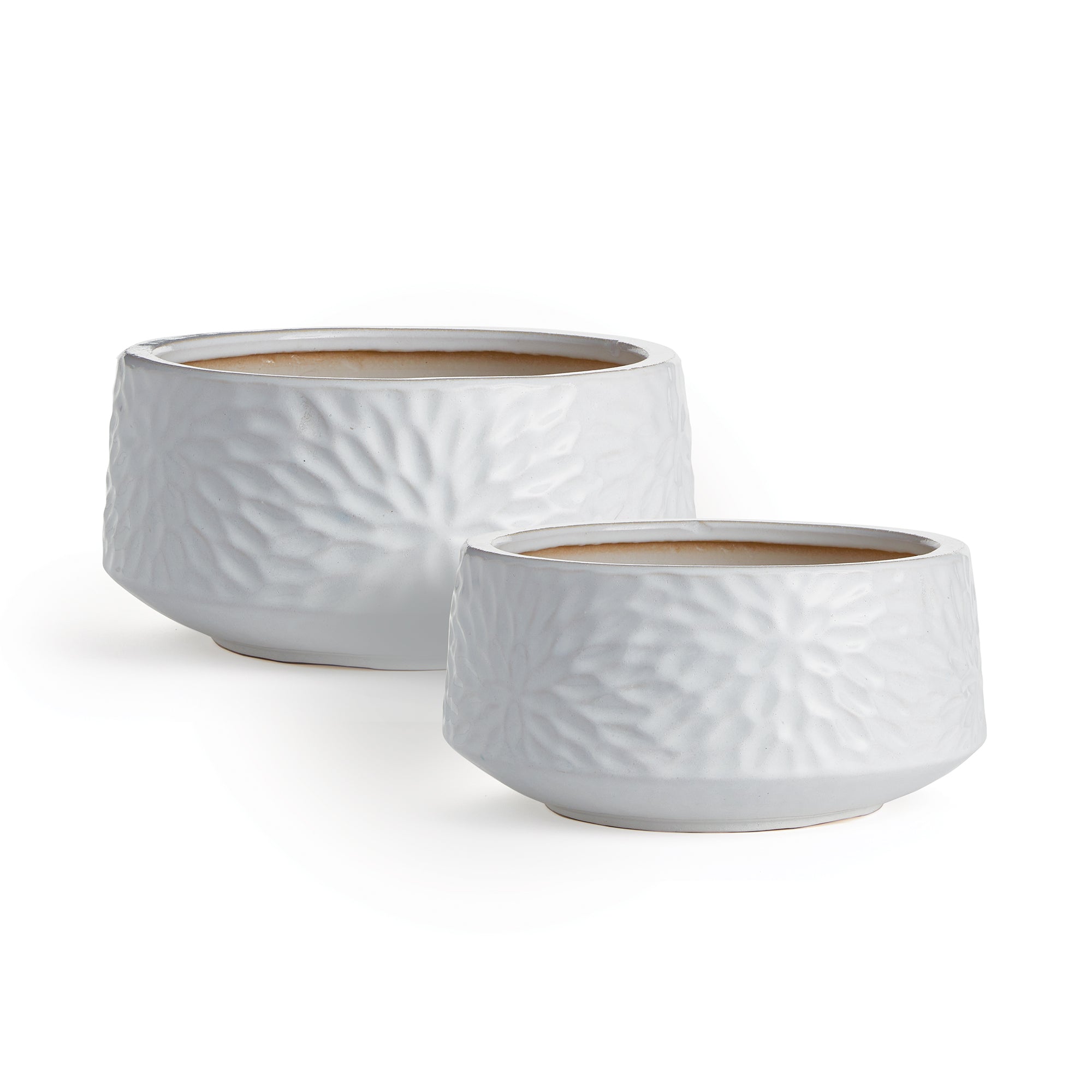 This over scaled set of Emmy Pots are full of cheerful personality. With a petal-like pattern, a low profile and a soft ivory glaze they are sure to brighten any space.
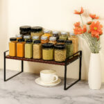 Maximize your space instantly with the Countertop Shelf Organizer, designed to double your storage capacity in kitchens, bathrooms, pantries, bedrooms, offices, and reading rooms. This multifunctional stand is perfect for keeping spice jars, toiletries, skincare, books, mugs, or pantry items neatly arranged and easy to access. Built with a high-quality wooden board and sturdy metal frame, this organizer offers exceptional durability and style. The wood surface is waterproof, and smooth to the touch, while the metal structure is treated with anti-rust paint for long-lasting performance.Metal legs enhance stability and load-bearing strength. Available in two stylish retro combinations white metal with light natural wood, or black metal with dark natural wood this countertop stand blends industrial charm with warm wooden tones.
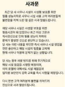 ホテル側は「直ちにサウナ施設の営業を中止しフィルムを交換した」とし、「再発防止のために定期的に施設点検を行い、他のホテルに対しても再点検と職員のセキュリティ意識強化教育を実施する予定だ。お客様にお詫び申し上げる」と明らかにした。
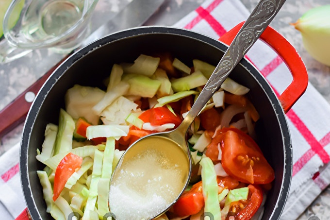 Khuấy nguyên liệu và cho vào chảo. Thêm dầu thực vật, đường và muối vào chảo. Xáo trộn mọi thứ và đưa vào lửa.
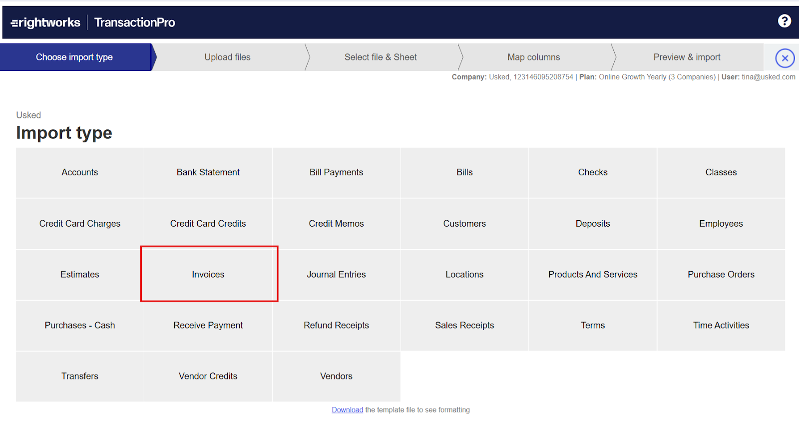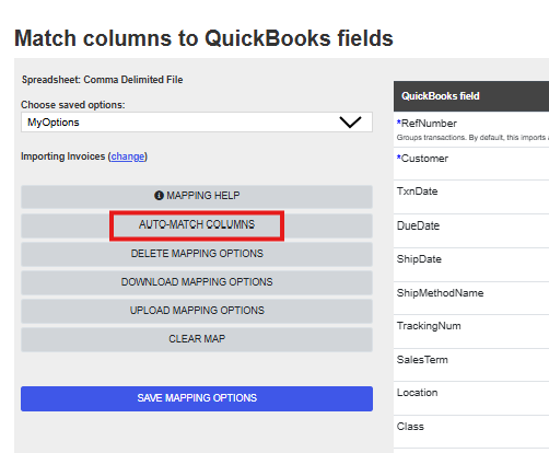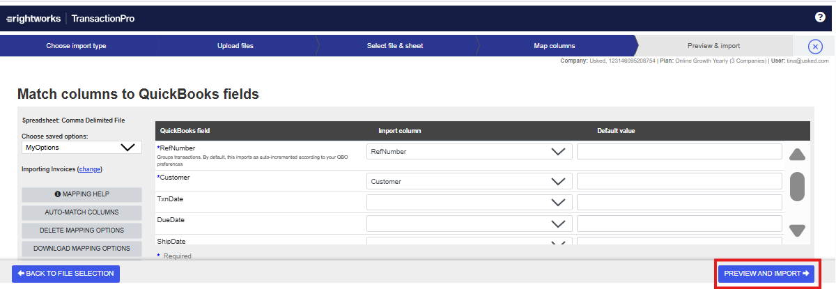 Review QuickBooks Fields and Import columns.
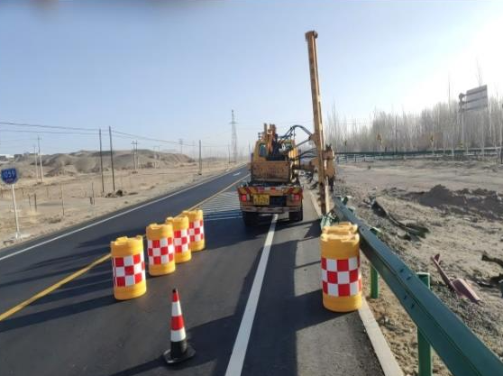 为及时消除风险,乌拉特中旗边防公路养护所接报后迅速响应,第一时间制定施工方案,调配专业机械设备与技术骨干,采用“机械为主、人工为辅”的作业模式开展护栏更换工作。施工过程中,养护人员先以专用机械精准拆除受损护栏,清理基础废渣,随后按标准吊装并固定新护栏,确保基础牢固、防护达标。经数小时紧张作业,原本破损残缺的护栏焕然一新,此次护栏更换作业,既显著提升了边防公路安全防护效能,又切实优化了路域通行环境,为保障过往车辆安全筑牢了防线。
* * *
● YOUR OBJECTIVE:
A word-for-word copy is needed of the lines from the line with "Review QuickBooks Fields and Import columns." through the last line of the entries above, with both ends kept and the pictures dropped.

● ANSWER SECTION:
 Review QuickBooks Fields and Import columns.
 为及时消除风险,乌拉特中旗边防公路养护所接报后迅速响应,第一时间制定施工方案,调配专业机械设备与技术骨干,采用“机械为主、人工为辅”的作业模式开展护栏更换工作。施工过程中,养护人员先以专用机械精准拆除受损护栏,清理基础废渣,随后按标准吊装并固定新护栏,确保基础牢固、防护达标。经数小时紧张作业,原本破损残缺的护栏焕然一新,此次护栏更换作业,既显著提升了边防公路安全防护效能,又切实优化了路域通行环境,为保障过往车辆安全筑牢了防线。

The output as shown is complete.